La deuxième stratégie mentionnée par les participantes vise également à rectifier les propos inappropriés. Dans le cas de Sophie et Amélie, qui se disent très à l'affut de ce type de situations, cette approche est d'abord préventive. En effet, l'objectif est essentiellement de prévenir les comportements ou les commentaires inadéquats envers leurs enfants et leurs familles afin qu’ils ne se reproduisent pas une seconde fois. Pour cela, le couple s'assure de rapidement corriger les auteurs de ces propos.

On dit les choses très clairement. Par exemple, il y a des fois où j'ai dit: « je n'aime pas ça, j'ai l'impression qu'il y a du favoritisme et je veux que mes enfants se sentent égaux. On décide d'avoir une famille, tout le monde est égal et il faut qu'ils se sentent aimés de la même manière, peu importe. (Sophie)

Ça nous tient vraiment beaucoup à cœur et je dirais qu’encore maintenant, je suis un peu toujours à l'affut.

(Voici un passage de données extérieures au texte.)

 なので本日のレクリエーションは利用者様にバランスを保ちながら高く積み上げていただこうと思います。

Puis ça ne traine pas parce qu'il n'y a pas de place pour ça et on l'établit clairement et souvent les gens font: « ah mon dieu je suis vraiment désolée je ne m'en étais pas rendu compte ». Parfait, on corrige maintenant parce que des fois c'est vraiment léger comme allusion. (Amélie)

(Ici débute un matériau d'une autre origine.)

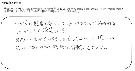 オリジナリティあふれた指輪になったと思います。 福島県 I.O様(お渡し担当:山田)

Par la suite, ces dernières, ainsi que quelques autres mères participantes, suggèrent également une stratégie d'ouverture ainsi qu'une attitude positive afin de gérer les propos inappropriés.

Moi, j'aime mieux y aller d'emblée et expliquer notre processus, de démontrer que ça va bien. Parce que lorsque tu te poses une question, si tu n'es pas capable d'avoir la réponse, tu t'imagines des affaires et là je me dis que ce n’est pas mieux. (Sophie)

Aussi, si tu poses la question c'est que tu es ouvert. Alors, nous avons gardé cet état d'esprit de se dire qu’on n’a pas honte, qu'on est fière de nous et c'est ça que nos enfants voient, alors lorsqu'ils nous posent une question, on rigole avec eux autres juste pour dire qu'on casse la gêne. (Amélie)

C'est certain que tu n'as pas le choix de l'expliquer souvent. (Stéphanie)

Je pense que les gens sont maladroits parce que ce n'est pas une situation très connue. Il y a beaucoup de couples qui font ça, mais disons que ce n'est pas chaque personne individuellement qui soit en contact avec une famille homoparentale. Il faut les éduquer en même temps et leur dirent que ce n'est pas le père, mais le donneur. (Claudia)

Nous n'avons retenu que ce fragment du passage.